There were tables down each side of the room, laden with what appeared to be food. It all looked like wobbly jelly. It looked like a regular big party, in an alien kind of way. Karl observed the room for a while from the mouth of the great curved hallway. Every now and then he noticed a being slipping out through a couple of doorways at the far end of the room. Each of the two doors had different symbols on them. Playing his hunch Karl worked his way across the room. No one seemed to be paying any attention to him. He made his way to the doors. "Door number one, or door number two?”, he thought. He followed a somewhat bloated looking alien through door number one. Sure enough, there were sinks and cubicles and mirrors, and the familiar sound of running water. A short time later, Karl emerged back into the main room, much relieved.

He was scanning the room, looking at all the little beings dancing, Elvis eating wobbly jelly at one side of the room, the beings looking down from a gallery over the hallway he'd come in through, the....... Elvis???!!!??? Yes, there he was towering over the little beings. The music had changed to something slow and vaguely melancholy.

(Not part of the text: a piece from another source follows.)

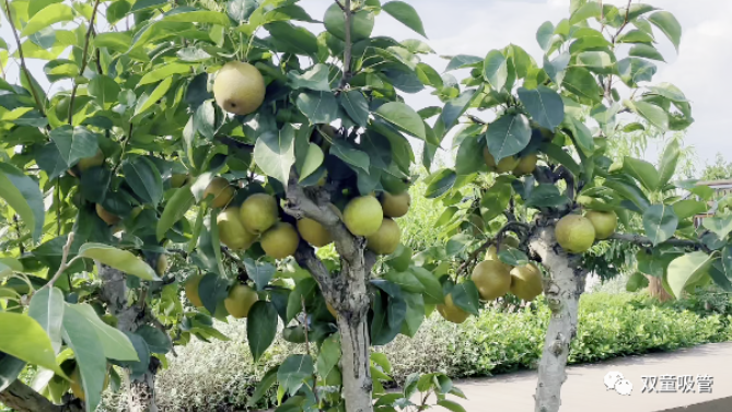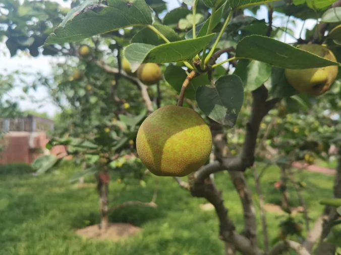 一眼看去,林子里的十來棵梨樹,樹上的果子又大又圓,一陣風吹過,梨子跟樹葉一起搖擺,仿佛下一秒就要脫離樹枝馬上要掉下來嘞~
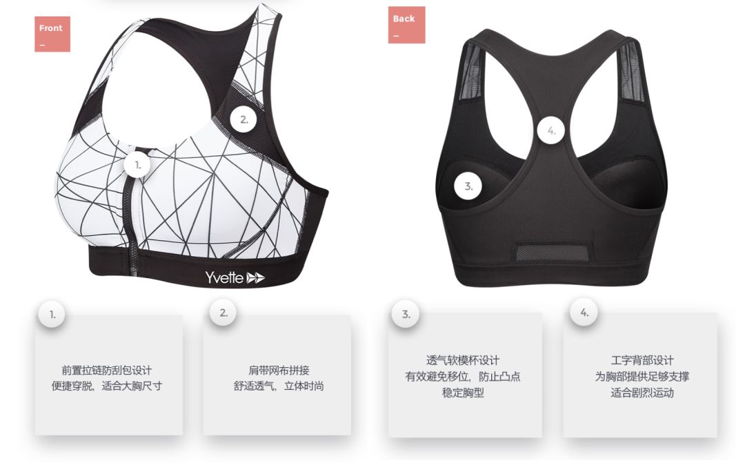 增强透气排汗的肩带网布拼接;前置拉链防刮包,便携穿脱;后背工字设计,即便剧烈运动也能提供足够支撑,底围特别弹力加宽设计,增加包裹力,不易翻卷......

Karl hurried across the room, stepping on a few toes as he pushed his way through the crowd to where Elvis was wiping his chin with a rhinestone-encrusted cuff.

"Excuse me”, Karl said, "but are you Elvis Presley?” "Yes sir, that's me” replied the king. "What are you doing here?” "Hey man, this here's alien abduction central. These cats are checking us out, man. It's driving me nuts. I been here all day, and there ain't a TV in the whole joint.” "All day? But you've been, um, gone, for years!” "What do you mean?” "I mean this is 1997!” "Whoa, hold it right there. What are you saying? These guys just scooped me out of Graceland this morning.” "Well actually, um, everybody thinks you're dead. They make pilgrimages to your grave site and everything.” Elvis paled. "Man, I don't know what's creeping me out the most, you or this music. Hey DJ”, he yelled up at the gallery, "hold it right there. This don't move me, man. Play something real, real gone for a change.” Immediately the air was filled with a slapping rhythm. A shaft of light came down on Elvis and followed him as he moved to the center of the great room. The bass kicked in, and Elvis began to twitch.. Then a twangy guitar came in and Elvis began to sing. When he was done. he stood in the limelight holding a karate pose. The room erupted into thunderous applause. Elvis bowed, threw kisses around the room, saying "Thank you, thank you very much. You've been a wonderful bunch of aliens. you really have.”, and walked back to where Karl stood.

"Man they love me here”, said Elvis. "Yeah, well, um listen, Mr. Presley, sir. I think we need a plan, or we're never gonna get home again.” "You may be right, man. See, one time I was in this jam, in one of my movies you understand, and see there was these three bad guys, and what I did was...” But Elvis was interrupted by a huge explosion that shook the entire room. The lights flickered on and off , and aliens were making high-pitched squealing sounds, like frightened gerbils. The floor slanted crazily and everyone and everything started sliding down to one end. As Karl slipped on food that was now all over the floor he realized he hadn't even had a chance yet to see if anyone there knew where a guy could get a big non-fat no-whip mocha in a place like this.

Karl was now pressed against one wall, and he noticed a small window down around waist level. Stooping down, he braced himself and peered out. They were headed directly for a large sun. "We're gonna crash!” he yelled above the squealing. The sun loomed larger and larger. Karl could feel the temperature rising through the wall. It looked like curtains for Karl, Elvis, and the aliens, when suddenly....

Anyway, we just thought Helen Gone was a fun name.